Photo by Lincoln Anderson A heroin user nodded out on Union Square West last year amid fliers promoting an Occupy Wall Street “wildcat march” on May Day that had rained down from a nearby rooftop.
Photo by Lincoln Anderson
A heroin user nodded out on Union Square West last year amid fliers promoting an Occupy Wall Street “wildcat march” on May Day that had rained down from a nearby rooftop.

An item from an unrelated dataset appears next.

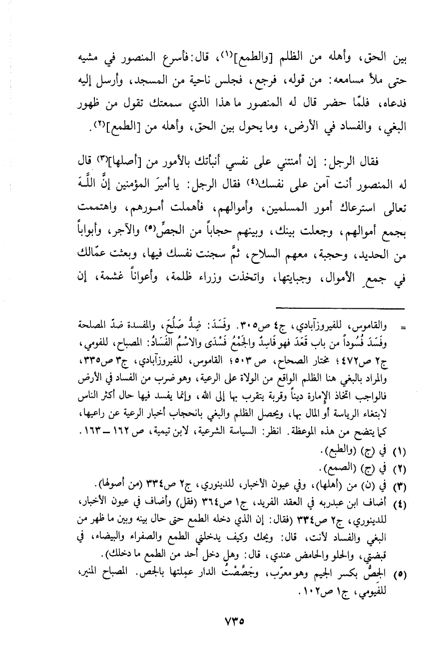 فَقَالَ الرجل إِن أمنتني على نَفسِي أَنْبَأتك بالأمور من أَصْلهَا قَالَ لَهُ الْمَنْصُور أَنْت آمن على نَفسك فَقَالَ الرجل يَا أَمِير الْمُؤمنِينَ إِن الله تَعَالَى استرعاك أُمُور الْمُسلمين وَأَمْوَالهمْ فأهملت أُمُورهم واهتممت بِجمع أَمْوَالهم وَجعلت بَيْنك وَبينهمْ حجاجا من الجص والآجر وأبوابا من الْحَدِيد وحجبة مَعَهم السِّلَاح ثمَّ سجنت نَفسك فِيهَا وَبعثت عمالك فِي جمع الْأَمْوَال وجبايتها واتخذت وزراء ظلمَة وأعوانا غشمة إِن

BY LAEL HINES AND LINCOLN ANDERSON  |  Community Board 5 has given its conditional approval for a needle-exchange program for heroin users to operate just steps away from Union Square Park.

On July 11, the full board of C.B. 5 O.K.’d the application of the Lower East Side Harm Reduction Center to the State Department of Health to allow the center to distribute clean needles to heroin users right outside the park, which is notorious as a locus for heroin users.

According to the C.B. 5 resolution, the board received support from local businesses for the program.

The needle exchange would operate five days a week, three hours per day, starting some days as early as 11 a.m., and on other days going as late as 8 p.m. or 11 p.m.

A stipulation in the C.B. 5 resolution states that the exchanges must be done discretely:

“LESHRC will identify safe and discrete places to do syringe exchange and will not do exchange in front of residential buildings, nor will they ever use tables.”

On July 8, three representatives of the Lower East Side Harm Reduction Center presented the application to a meeting of C.B. 5’s Education, Housing and Human Services Committee.

The three representatives wore T-shirts with slogans for one of the center’s programs, rapid hepatitis C testing: “Tested: Yes,” one shirt said on the front, with “Status: Crusty” plastered on the back. The two other members’ T-shirts referred to other populations the programs also serves, “drug users” and “queers.”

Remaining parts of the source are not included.